• _The data_:
[Start of section]

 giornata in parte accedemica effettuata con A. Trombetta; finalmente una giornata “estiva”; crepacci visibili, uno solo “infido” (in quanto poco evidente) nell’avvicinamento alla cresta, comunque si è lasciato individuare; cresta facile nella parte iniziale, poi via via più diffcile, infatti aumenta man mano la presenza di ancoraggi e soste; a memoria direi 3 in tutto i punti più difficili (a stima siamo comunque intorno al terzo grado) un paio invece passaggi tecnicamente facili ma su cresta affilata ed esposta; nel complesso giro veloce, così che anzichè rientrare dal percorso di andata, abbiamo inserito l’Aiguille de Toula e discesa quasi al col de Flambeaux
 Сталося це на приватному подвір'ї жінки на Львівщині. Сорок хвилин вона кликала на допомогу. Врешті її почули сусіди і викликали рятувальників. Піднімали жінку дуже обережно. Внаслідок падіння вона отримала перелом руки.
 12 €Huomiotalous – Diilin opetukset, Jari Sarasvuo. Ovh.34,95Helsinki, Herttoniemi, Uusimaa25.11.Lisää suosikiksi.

[End of section]
[Start of section]

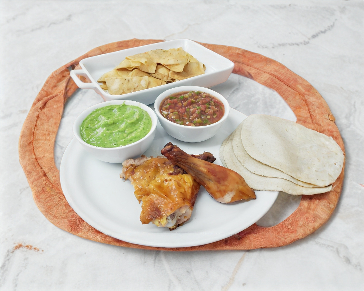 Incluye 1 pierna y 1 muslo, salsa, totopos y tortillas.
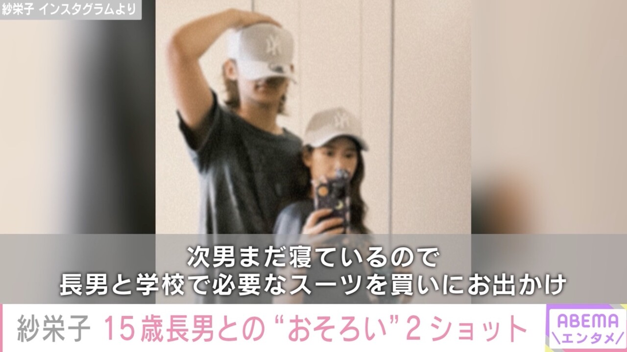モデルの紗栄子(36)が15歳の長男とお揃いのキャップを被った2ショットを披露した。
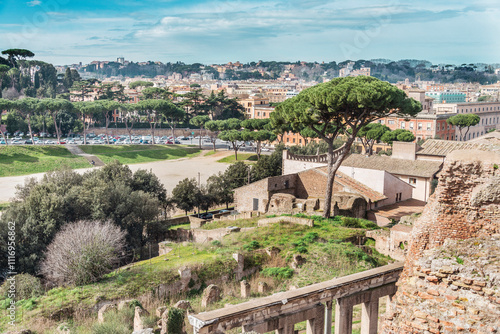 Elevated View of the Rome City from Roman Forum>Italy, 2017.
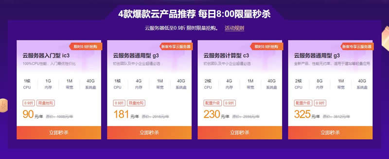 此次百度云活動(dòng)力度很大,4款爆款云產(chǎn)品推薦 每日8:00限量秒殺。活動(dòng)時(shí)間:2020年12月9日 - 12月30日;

[End of section]

• _What you should do_:
All that belongs in your answer is the stretch of entries above from the line with "giornata in parte" through the line with "12 €Huomiotalous –", printed exactly.

• _Solution to the problem_:
 giornata in parte accedemica effettuata con A. Trombetta; finalmente una giornata “estiva”; crepacci visibili, uno solo “infido” (in quanto poco evidente) nell’avvicinamento alla cresta, comunque si è lasciato individuare; cresta facile nella parte iniziale, poi via via più diffcile, infatti aumenta man mano la presenza di ancoraggi e soste; a memoria direi 3 in tutto i punti più difficili (a stima siamo comunque intorno al terzo grado) un paio invece passaggi tecnicamente facili ma su cresta affilata ed esposta; nel complesso giro veloce, così che anzichè rientrare dal percorso di andata, abbiamo inserito l’Aiguille de Toula e discesa quasi al col de Flambeaux
 Сталося це на приватному подвір'ї жінки на Львівщині. Сорок хвилин вона кликала на допомогу. Врешті її почули сусіди і викликали рятувальників. Піднімали жінку дуже обережно. Внаслідок падіння вона отримала перелом руки.
 12 €Huomiotalous – Diilin opetukset, Jari Sarasvuo. Ovh.34,95Helsinki, Herttoniemi, Uusimaa25.11.Lisää suosikiksi.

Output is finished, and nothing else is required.